I am having trouble with Exercise 11, Section 1.10 of Basic Algebra 1 by Nathan Jacobson (pub. Freeman & Co. 1985). The statement to prove is:
Let $G$ be a finite group and $\phi$ an automorphism of $G$. Let
$ I = \{ g \in G : \phi g = g^{-1} \} $
If $|I| > {3\over4} |G|$ , $G$ is abelian.
If $|I| = {3\over4} |G|$ , $G$ has an abelian subgroup of index 2.
I'm trying to attack item 2 first, thinking there will be a way from 2 to 1, but I am not even at a point where that matters.
Facts I can see:
$\phi^2 = id_G$ , because the set of elements fixed by $\phi^2$ is a subgroup containing $I$.

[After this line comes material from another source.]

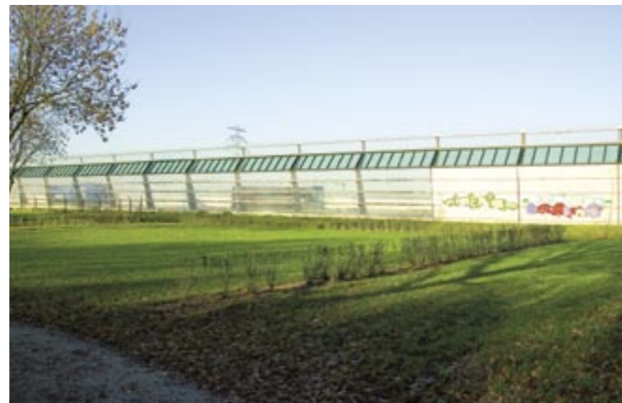
Graffiti mag hier op de geluidsmuur. Voor het glazen gedeelte ligt een grasveld waar de bewoners kunnen picknicken en ondertussen kunnen kijken naar het voorbijgaande verkeer.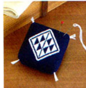
こぎん 9 (紺) ピンクッション ① JAN 187090 ¥900 (本体価格) ●オリーブ(CRNo.1100柄(コンプレス)) ●約縦5cm×横5cm×高さ3cm ●紐付 ●出荷単位:1組

Since $|G|$ is even (working on item 2!) , so must be the order of $K$ where
$ K = \{ k \in G : \phi k = k \} $
because we can partition $G$ into classes $\pi_k = \{ k, \phi k \}$ of size either 2 or 1, and $K$ is the union of all the singleton classes.
Hence, $K$ contains an element $i$ of order 2, so $ \phi i = \phi i^{-1} = i^{-1} $ , i.e.
$ 1 \neq i \in K \cap I $
That's already some nice information, but I still have no clue where to look for the abelian subgroup :-(